Boffetta P, Saracci R, Andersen A, Bertazzi P A, Chang-Claude J, Cherrie J, Ferro G, Frentzel-Beyme R, Hansen J, Olsen J, Plato N, Teppo L, Westerholm P, Winter P D, Zocchetti C
International Agency for Research on Cancer, Lyon, France.
Epidemiology. 1997 May;8(3):259-68. doi: 10.1097/00001648-199705000-00006.
We have updated the follow-up of cancer mortality for a cohort study of man-made vitreous fiber production workers from Denmark, Finland, Norway, Sweden, United Kingdom, Germany, and Italy, from 1982 to 1990. In the mortality analysis, 22,002 production workers contributed 489,551 person-years, during which there were 4,521 deaths. Workers with less than 1 year of employment had an increased mortality [standardized mortality ratio (SMR) = 1.45; 95% confidence interval (CI) = 1.37-1.53]. Workers with 1 year or more of employment, contributing 65% of person-years, had an SMR of 1.05 (95% CI = 1.02-1.09). The SMR for lung cancer was 1.34 (95% CI = 1.08-1.63, 97 deaths) among rock/slag wool workers and 1.27 (95% CI = 1.07-1.50, 140 deaths) among glass wool workers. In the latter group, no increase was present when local mortality rates were used. Among rock/slag wool workers, the risk of lung cancer increased with time-since-first-employment and duration of employment. The trend in lung cancer mortality according to technologic phase at first employment was less marked than in the previous follow-up. We obtained similar results from a Poisson regression analysis limited to rock/slag wool workers. Five deaths from pleural mesothelioma were reported, which may not represent an excess. There was no apparent excess for other categories of neoplasm. Tobacco smoking and other factors linked to social class, as well as exposures in other industries, appear unlikely to explain the whole increase in lung cancer mortality among rock/slag wool workers. Limited data on other agents do not indicate an important role of asbestos, slag, or bitumen. These results are not sufficient to conclude that the increased lung cancer risk is the result of exposure to rock/slag wool; however, insofar as respirable fibers were an important component of the ambient pollution of the working environment, they may have contributed to the increased risk.

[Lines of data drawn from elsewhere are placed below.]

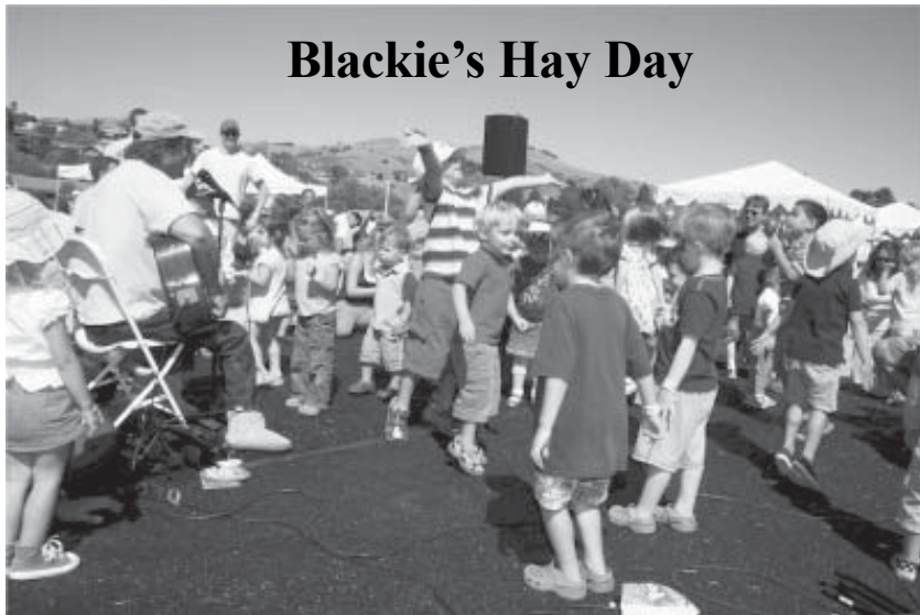
Blackie's Hay Day

For the second year in a row, Blackie's Pasture was turned into the site of a wonderful old-fashioned country fair. Organized and run by the Bookmarks group of the Library, the fair delighted over 500 children, as well as their grownups, with pony rides, a petting zoo, family
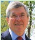
by Peter J. Donaldson

Outside of the family, schools are the main place where young people learn the skills they will need to succeed as adults. Education acts as a “social vaccine,” protecting individuals from child marriage and unintended pregnancy, improving their health and later their children’s health. It gives them skills to earn a living when they reach adulthood. Education plays a major role in national economic development.
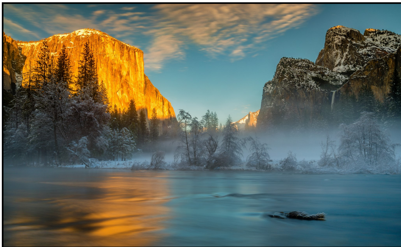
Yosemite Sunset
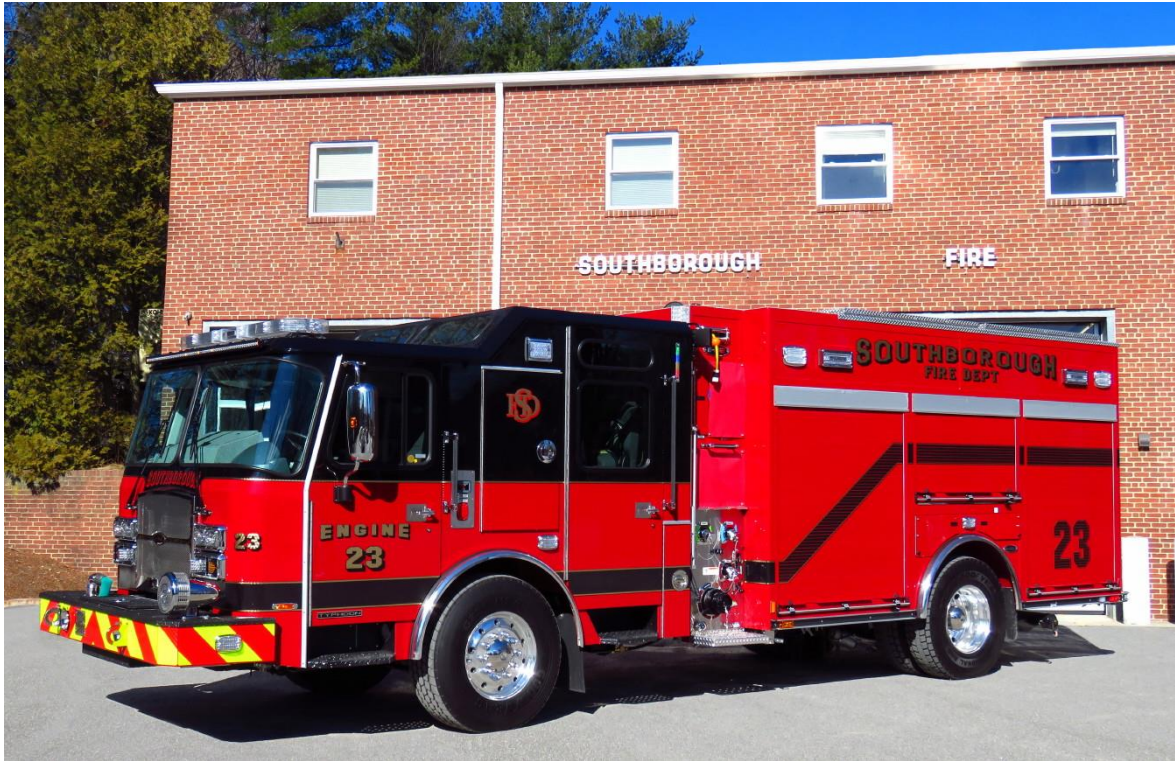
Southborough Engine 23 2016 E-One "Typhoon" 1500/980/ 20 Class A/30 Class B foam

我们更新了对丹麦、芬兰、挪威、瑞典、英国、德国和意大利的人造玻璃纤维生产工人队列研究中癌症死亡率的随访情况,随访时间为1982年至1990年。在死亡率分析中,22,002名生产工人贡献了489,551人年,在此期间有4,521人死亡。工作年限不足1年的工人死亡率有所增加[标准化死亡率比(SMR)=1.45;95%置信区间(CI)=1.37 - 1.53]。工作年限为1年或更长时间的工人贡献了65%的人年,其SMR为1.05(95%CI = 1.02 - 1.09)。岩棉/矿渣棉工人中肺癌的SMR为1.34(95%CI = 1.08 - 1.63,97例死亡),玻璃棉工人中肺癌的SMR为1.27(95%CI = 1.07 - 1.50,140例死亡)。在玻璃棉工人组中,使用当地死亡率时未发现死亡率增加。在岩棉/矿渣棉工人中,肺癌风险随首次就业后的时间和就业时长增加。根据首次就业时的技术阶段划分的肺癌死亡率趋势不如前次随访明显。我们通过仅限于岩棉/矿渣棉工人的泊松回归分析获得了类似结果。报告了5例胸膜间皮瘤死亡病例,这可能并不代表超额死亡。其他肿瘤类别未出现明显超额死亡。吸烟和与社会阶层相关的其他因素,以及其他行业的暴露情况,似乎无法解释岩棉/矿渣棉工人肺癌死亡率的全部增加情况。关于其他因素的有限数据并未表明石棉、矿渣或沥青起重要作用。这些结果不足以得出肺癌风险增加是接触岩棉/矿渣棉所致的结论;然而,鉴于可吸入纤维是工作环境空气污染的重要组成部分,它们可能导致了风险增加。